Work request
Everything below from the line with "3、设计时可以考虑在走廊上增添装饰画框,通过更换图片,给汗蒸房顾客以新颖之感。" through the line with "Ghiacciaio del Rodano" should be copied exactly, and nothing else; leave out the pictures.

Material shown

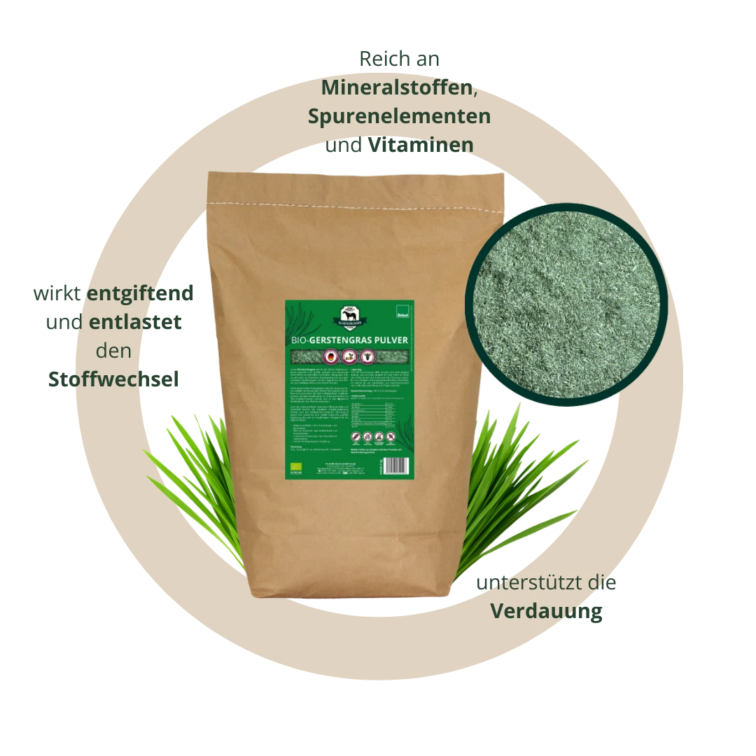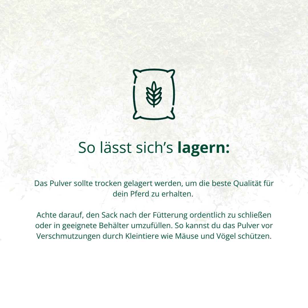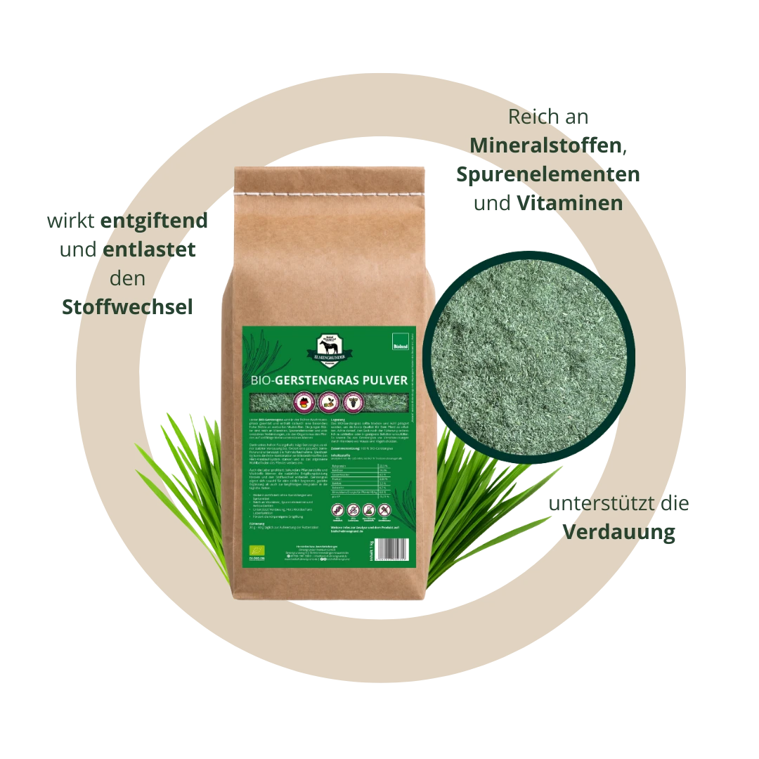 Unser Gerstengras wird in der frühen Wachstumsphase geerntet und enthält dadurch eine besonders hohe Dichte an wertvollen Vitalstoffen. Die jungen Blätter sind reich an Vitaminen, Spurenelementen und antioxidativen Verbindungen, die den Organismus des Pferdes auf vielfältige Weise unterstützen können.
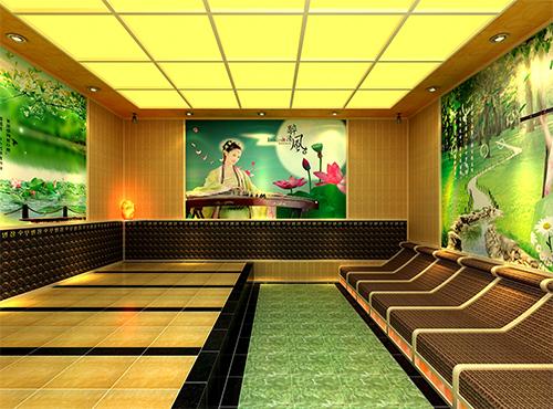 3、设计时可以考虑在走廊上增添装饰画框,通过更换图片,给汗蒸房顾客以新颖之感。
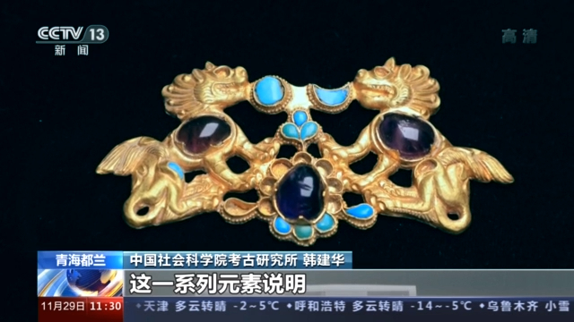 中國社會科學院考古研究所 韓建華: 這一系列元素説明這個都蘭是當時絲綢之路青海道上一個重要的節點,就是一個東西文化交流的中轉站。
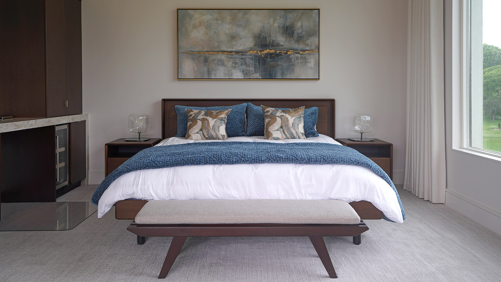 Rather than rushing selections, the project unfolded in multiple phases, allowing time for art, lighting, accessories, and bedding to be chosen intentionally. Each layer was thoughtfully curated to complement the architecture and furnishings, resulting in a home that feels complete, cohesive, and deeply personal.
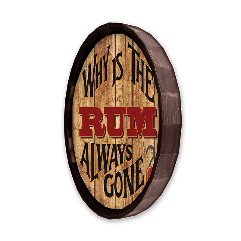 - Barrel Top Sign with Why is the Rum Always Gone Design
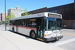 Iowa City Transit is an American public transit system serving Iowa City, Iowa. The service provides several routes serving various areas of the city as well as University Heights, originating and terminating at the Iowa City Downtown Interchange. In addition, a loop route is provided for school students at the beginning and end of each school day. In addition to Iowa City Transit, Coralville Transit, the University of Iowa Cambus, and the 380 Express also provide transit service in the Iowa City area, and Iowa City Transit shares several bus stops with them.[1][2]
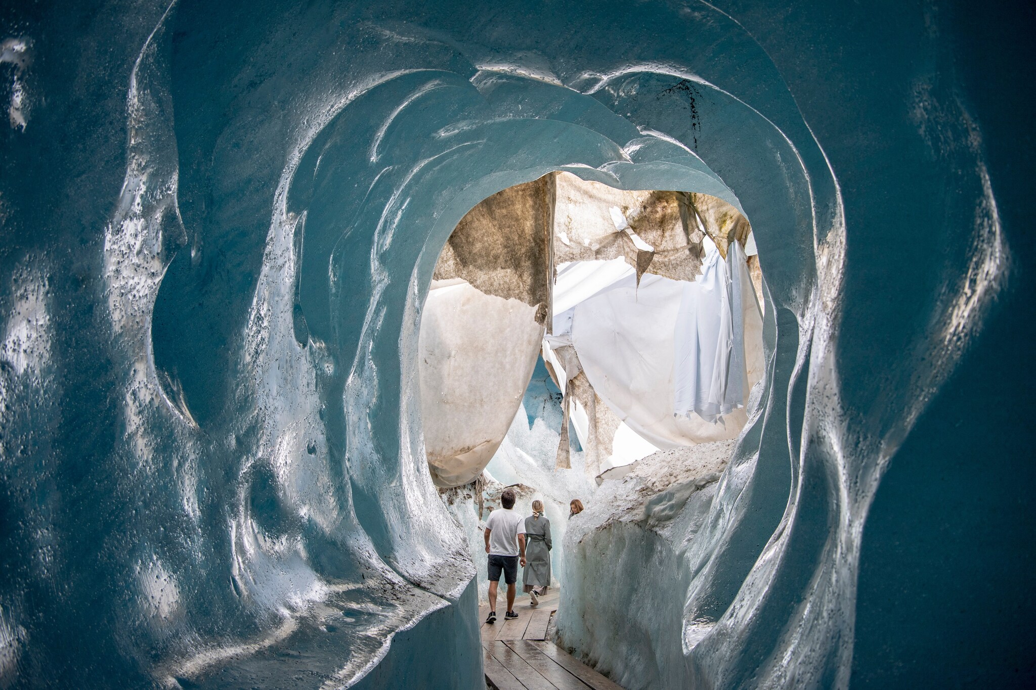 Ghiacciaio del Rodano coperto con dei teli bianchi per evitare lo scioglimento
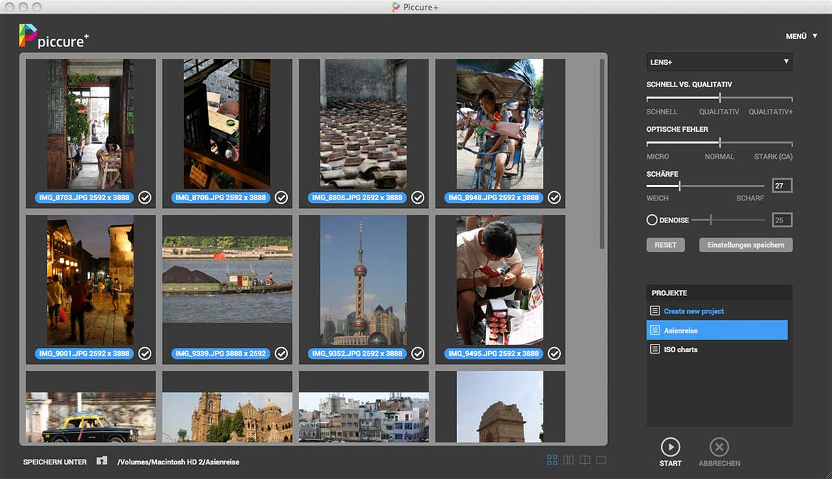 Zunächst einmal ist die neue Version piccure+ nun eine Anwendung für Windows und OS X, die sich als Zusatzmodul in Photoshop (ab CS4), Photoshop Elements (ab Version 7) und Lightroom (ab Version 3) einbinden lässt, aber auch als Standalone-Software genutzt werden kann. Letzteres ist immer dann sinnvoll, wenn Sie mehrere Bilder im Stapelbetrieb bearbeiten wollen; für Einzelbilder im JPEG- oder TIF-Format empfiehlt es sich aber weiterhin, piccure+ als Plug-in aus Ihrer bevorzugten Anwendung heraus aufzurufen.
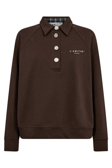 OBS! Fjernlager. Levering kan blive forlænget med 2-3 dage, hvis varen ikke findes i vores butik lige nu.Smart sweatshirt fra Haute L'amitié med lange ærmer, en lille krave i halsen og et kort knappanel over brystet.
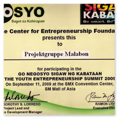 "Mary Grace war in unserem Straßenkinderprojekt von 2008 bis 2010. Sie hat gerade ihr erstes Schuljahr als Klassenbeste ("grade one 1st honors at the government school") abgeschlossen. Wir sehen die Früchte unserer gemeinsa-men Arbeit. Mary hätte sich nicht so auszeichnen können, wenn sie in unserem Programm nicht die grundlegenden Dinge gelernt hätte. Der Kindergartenbesuch ist sehr teuer. Ihr Vater arbeitet als Zimmermann, ihr Mutter ist Hausfrau und sie hat sieben Geschwister."
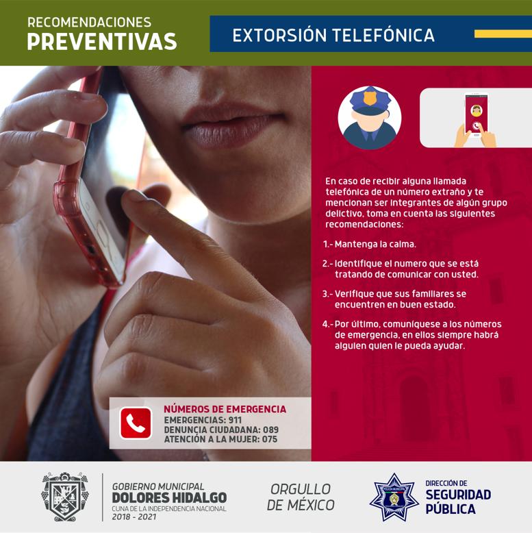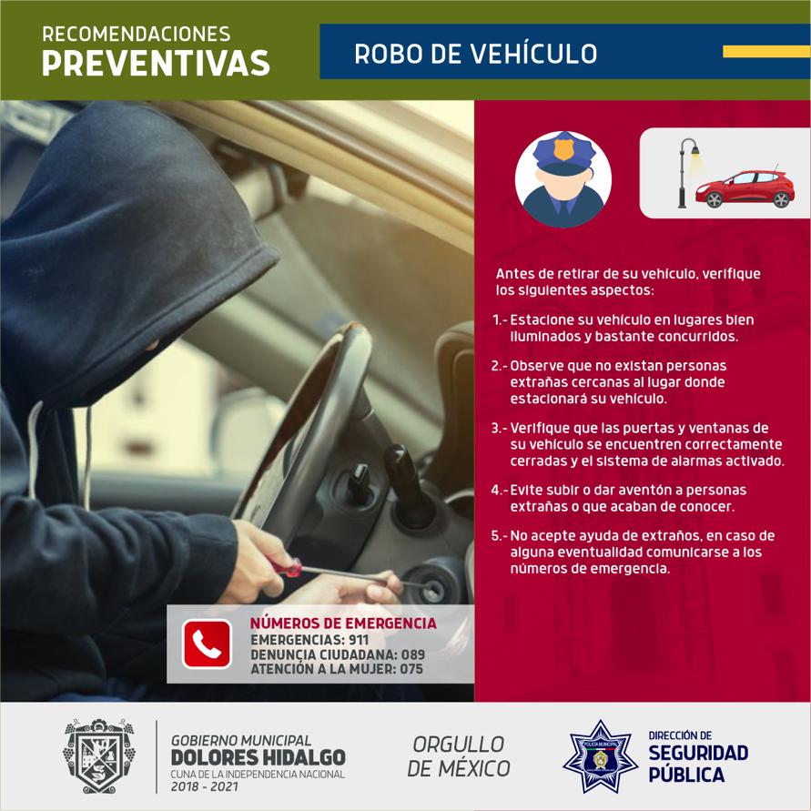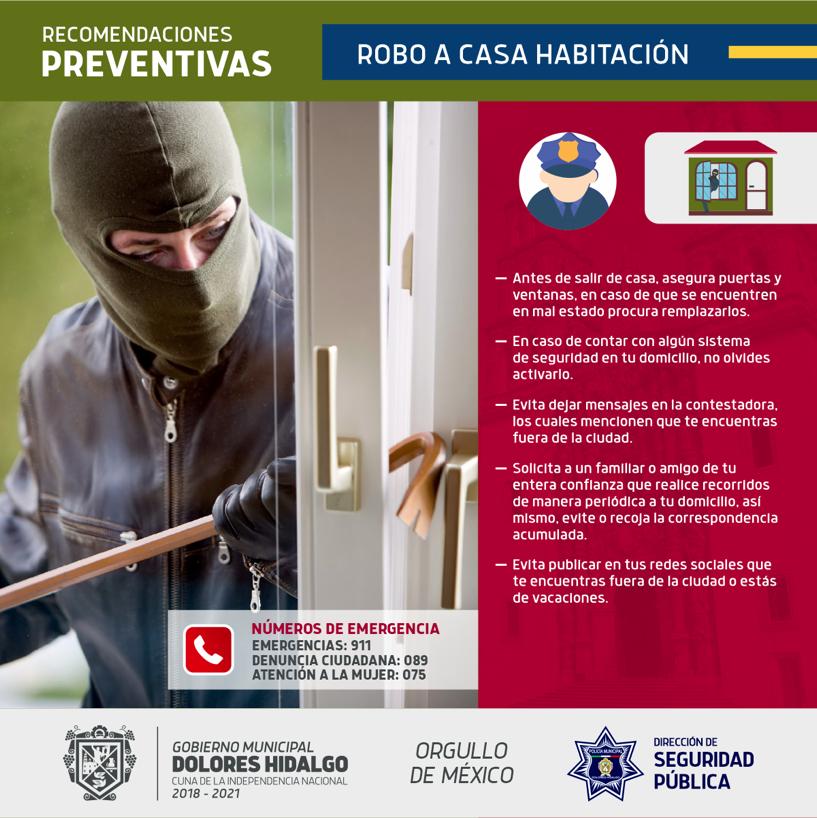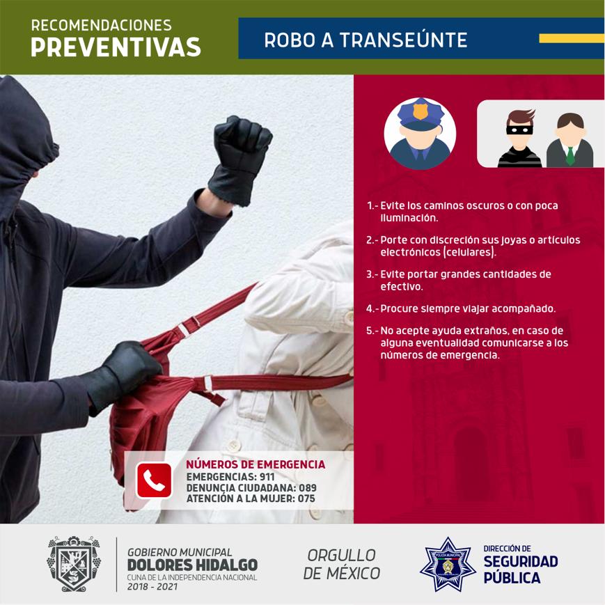 DOLORES HIDALGO CUNA DE LA INDEPENDENCIA NACIONAL, GTO.- Promoviendo la cultura de la prevención y la denuncia ciudadana, la Administración Municipal 2018-2021 a través de la dirección de Seguridad Pública invita a la ciudadanía en general a adoptar medidas de prevención para evitar ser víctima de robos, delitos o actos que violenten el patrimonio y bienestar de familias dolorenses y visitantes.
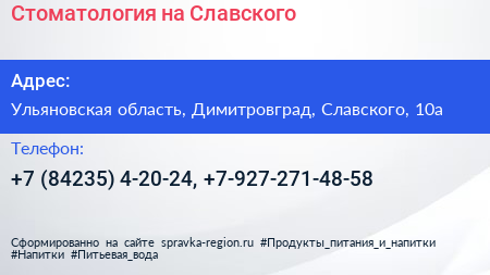 Стоматология на Славского по адресу Ульяновская область, Димитровград, Славского, 10а в дальнейшем Организация, размещена в следующих категориях:
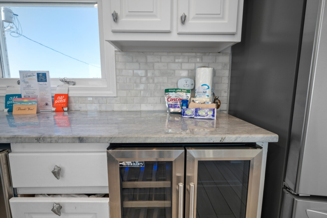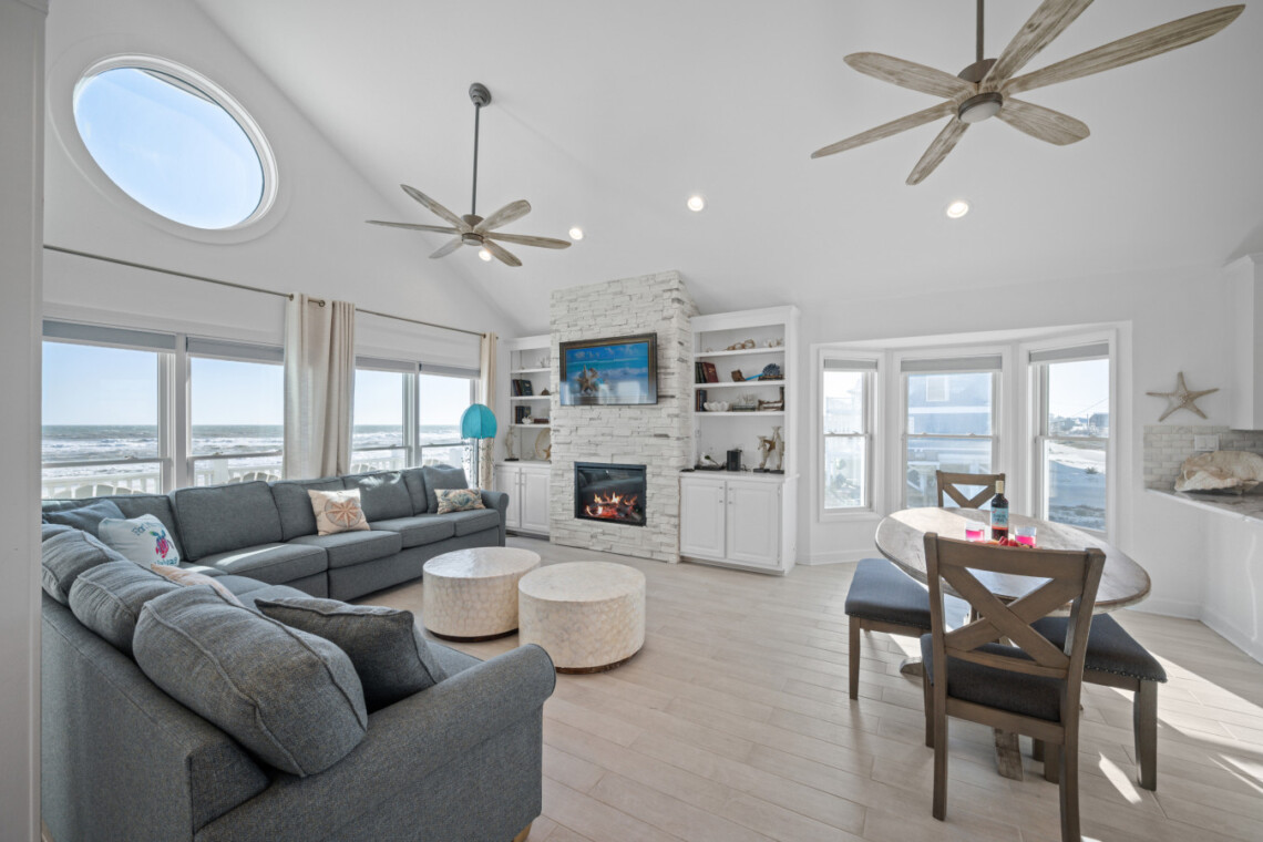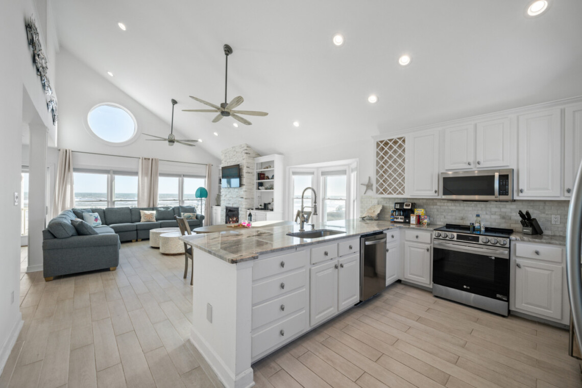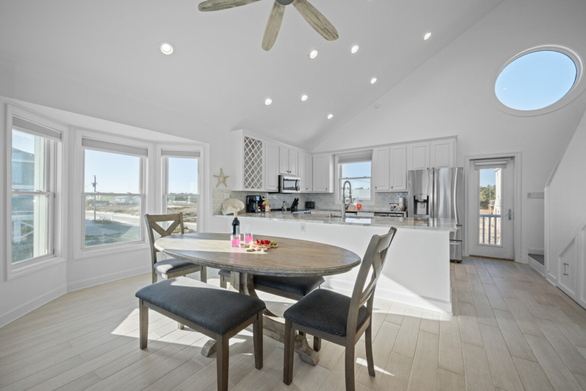Sea Lady’s gourmet kitchen is a chef’s dream, boasting high-end appliances, wine fridge, quartz countertops, and a spacious island for gathering. Dine indoors with panoramic beach views, or step onto the beachfront deck for alfresco dining under the stars.
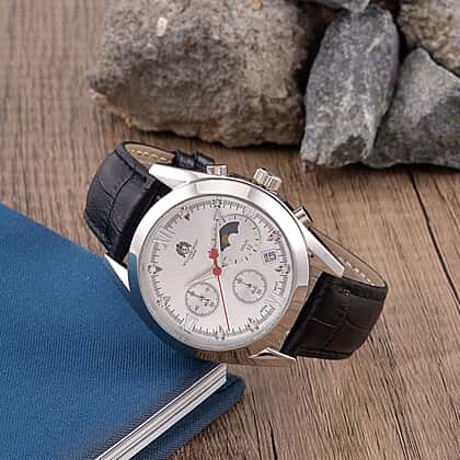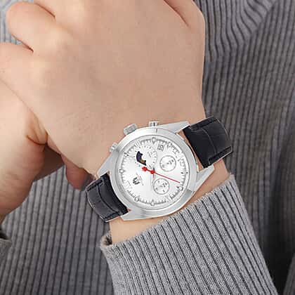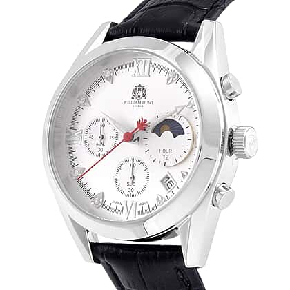 William Hunt Moissanite Watch 40 mm White Dial 5ATM Water Resistance Stainless Steel with Black Leather strap

Exercise response
 3、设计时可以考虑在走廊上增添装饰画框,通过更换图片,给汗蒸房顾客以新颖之感。
 中國社會科學院考古研究所 韓建華: 這一系列元素説明這個都蘭是當時絲綢之路青海道上一個重要的節點,就是一個東西文化交流的中轉站。
 Rather than rushing selections, the project unfolded in multiple phases, allowing time for art, lighting, accessories, and bedding to be chosen intentionally. Each layer was thoughtfully curated to complement the architecture and furnishings, resulting in a home that feels complete, cohesive, and deeply personal.
 - Barrel Top Sign with Why is the Rum Always Gone Design
 Iowa City Transit is an American public transit system serving Iowa City, Iowa. The service provides several routes serving various areas of the city as well as University Heights, originating and terminating at the Iowa City Downtown Interchange. In addition, a loop route is provided for school students at the beginning and end of each school day. In addition to Iowa City Transit, Coralville Transit, the University of Iowa Cambus, and the 380 Express also provide transit service in the Iowa City area, and Iowa City Transit shares several bus stops with them.[1][2]
 Ghiacciaio del Rodano coperto con dei teli bianchi per evitare lo scioglimento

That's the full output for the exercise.